● To do: Among the records below, count the lines where "season" occurs, and report that total alone.

● Records to process:
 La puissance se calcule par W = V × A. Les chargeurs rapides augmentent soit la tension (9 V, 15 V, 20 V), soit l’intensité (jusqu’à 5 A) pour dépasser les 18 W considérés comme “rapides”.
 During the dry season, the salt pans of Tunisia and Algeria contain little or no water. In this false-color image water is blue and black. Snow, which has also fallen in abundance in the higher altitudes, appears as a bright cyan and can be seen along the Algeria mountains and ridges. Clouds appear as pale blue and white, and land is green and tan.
==
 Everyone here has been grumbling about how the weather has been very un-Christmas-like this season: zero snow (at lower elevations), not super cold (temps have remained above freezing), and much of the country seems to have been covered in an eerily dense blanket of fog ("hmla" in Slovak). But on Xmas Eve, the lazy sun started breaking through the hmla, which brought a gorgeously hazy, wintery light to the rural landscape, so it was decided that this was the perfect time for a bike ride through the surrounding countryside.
==
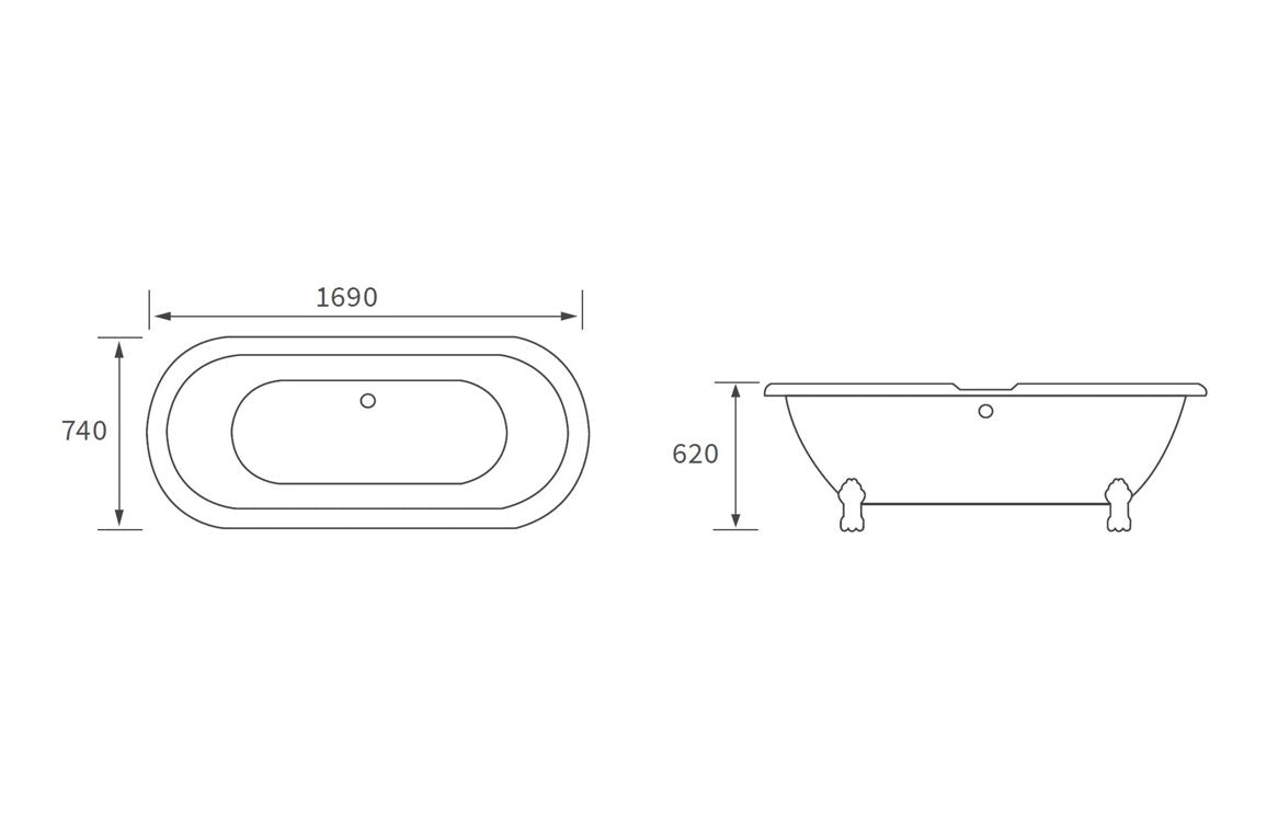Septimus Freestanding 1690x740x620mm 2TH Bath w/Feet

● Exercise output: 2